*** PROVIDED RECORDS ***
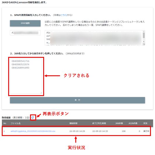 JANの入力欄がクリアされ、取得結果一覧に実行状況が表示されます。
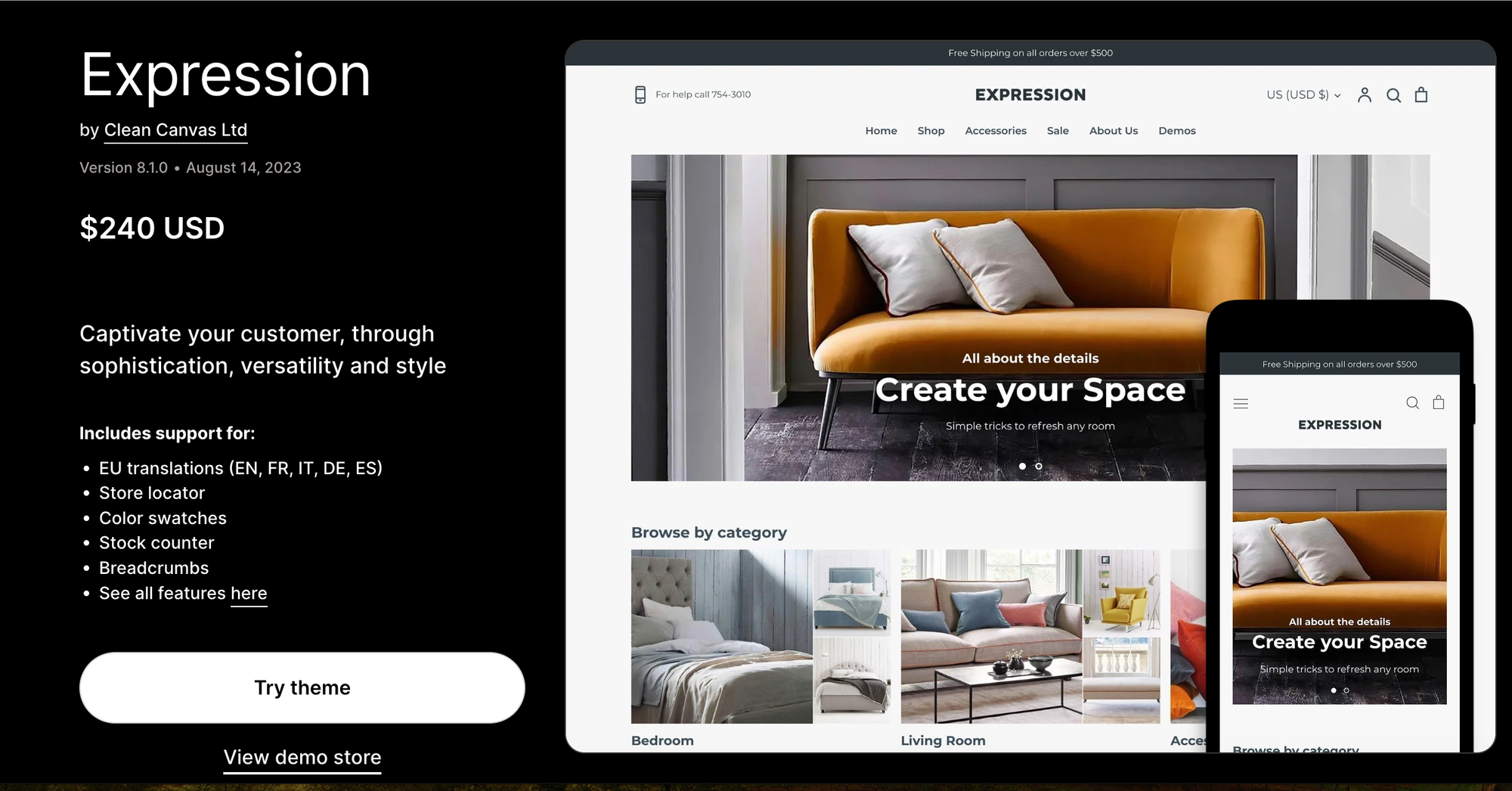 - Ideal Use Case: Expression is best suited for single product stores that rely heavily on visuals and storytelling to sell their product. It's particularly effective for art pieces, signature items, or any product where detailed imagery and narrative can significantly influence customer perception and value. Whether you're selling a designer piece, an innovative gadget, or a unique piece of decor, Expression can be tailored to make your product shine.
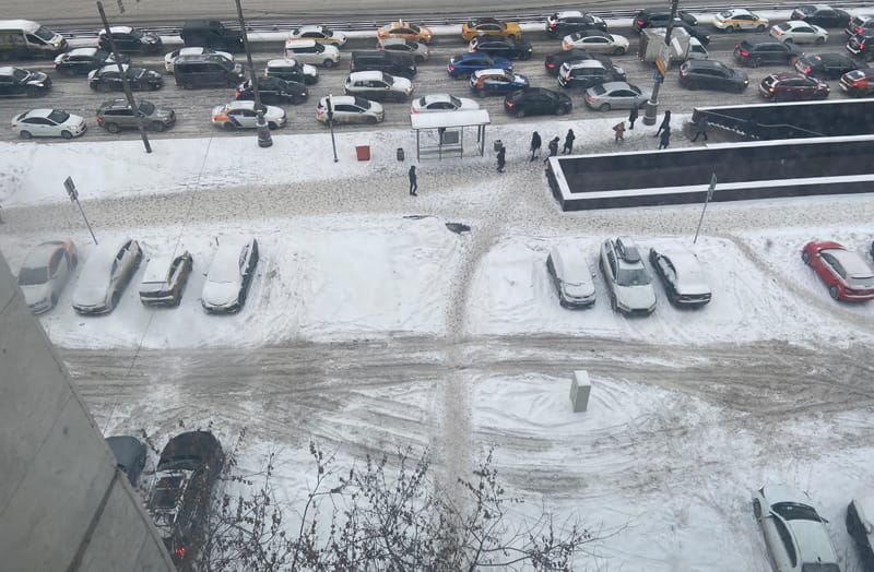 Бордюр, надо признать, был низенький. Нахальные машины с высокой подвеской умудряются парковаться и на более высоких тротуарах. Но в нашем случае дополнительным сдерживающим фактором выступал заборчик, и первое время водители по привычке на дорожку не заезжали. Ну а когда уровни парковки и тротуара благодаря снегу сравнялись – начался форменный беспредел. В самом деле, какое счастье – единое большое парковочное пространство! И плевать, что где-то там, под снегом, прячется пешеходная дорожка! И что это единственный путь от пешеходного перехода к зданию, которым ежедневно пользуются сотни людей!
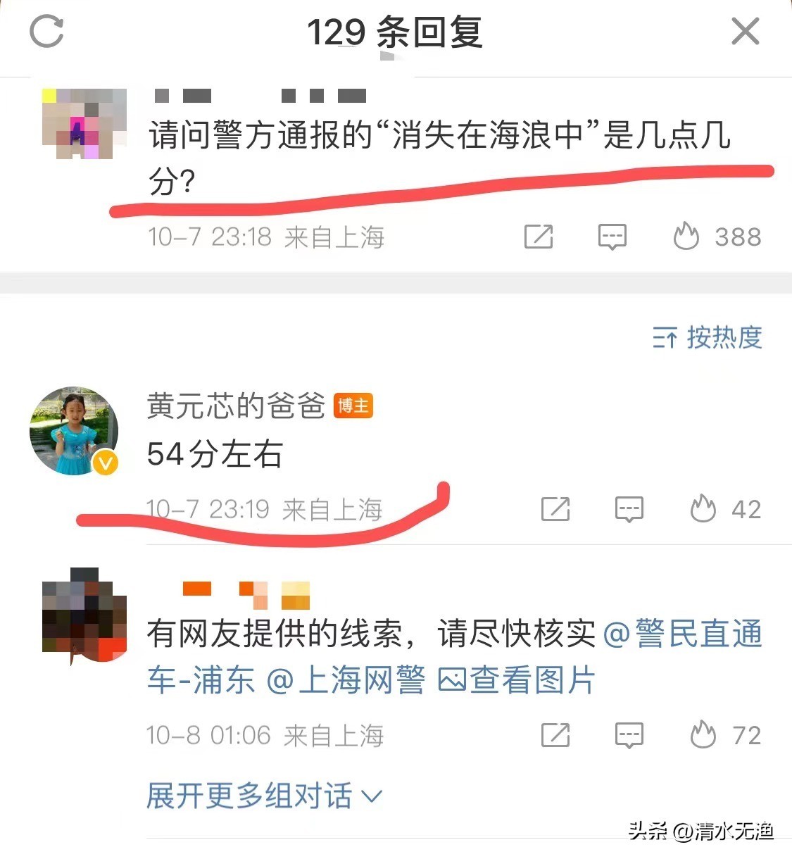 在孩子爸爸的这条消息下面,有网友提问,警方通报的“消失在海浪中”是几点几分,他马上进行了回复,是54分左右。
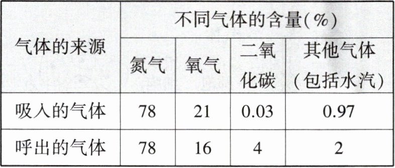 | |氮气|氧气|二氧化碳|其他气体(包括水汽)|
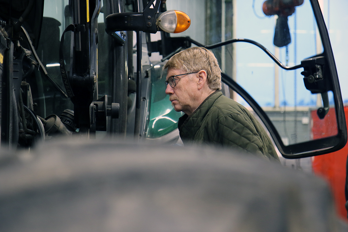 Stefan Widerberg kollar in en ny traktor. Bild: David Alin
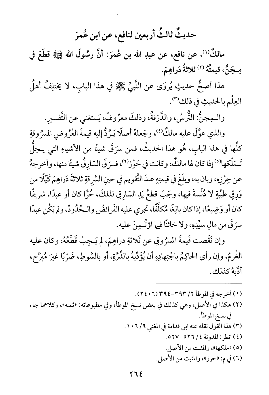 مالكٌ (¬١)، عن نافع، عن عبدِ اللّه بن عُمرَ: أنَّ رسُولَ اللّه -صلى الله عليه وسلم- قطَعَ في مِجَنٍّ، قيمتُهُ (¬٢) ثلاثة دَراهِمَ.
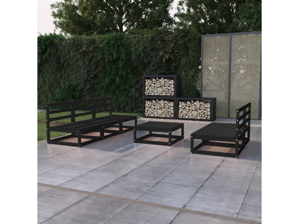 6dílná zahradní sedací souprava černá masivní borovice 3075313
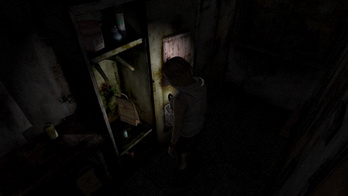 Enter the Storeroom through the nearby door. Find the blood smear by the shelf and Heather will think there could be something behind the shelf despite being unable to move it or get back there. Turning to your creative mind, use the Instant Camera to see what's back there.
*** End of PROVIDED RECORDS ***
Take the line that contains "6dílná zahradní sedací" as the first and the last line of the records as the end, and please quote those lines exactly, pictures omitted.

 6dílná zahradní sedací souprava černá masivní borovice 3075313
 Enter the Storeroom through the nearby door. Find the blood smear by the shelf and Heather will think there could be something behind the shelf despite being unable to move it or get back there. Turning to your creative mind, use the Instant Camera to see what's back there.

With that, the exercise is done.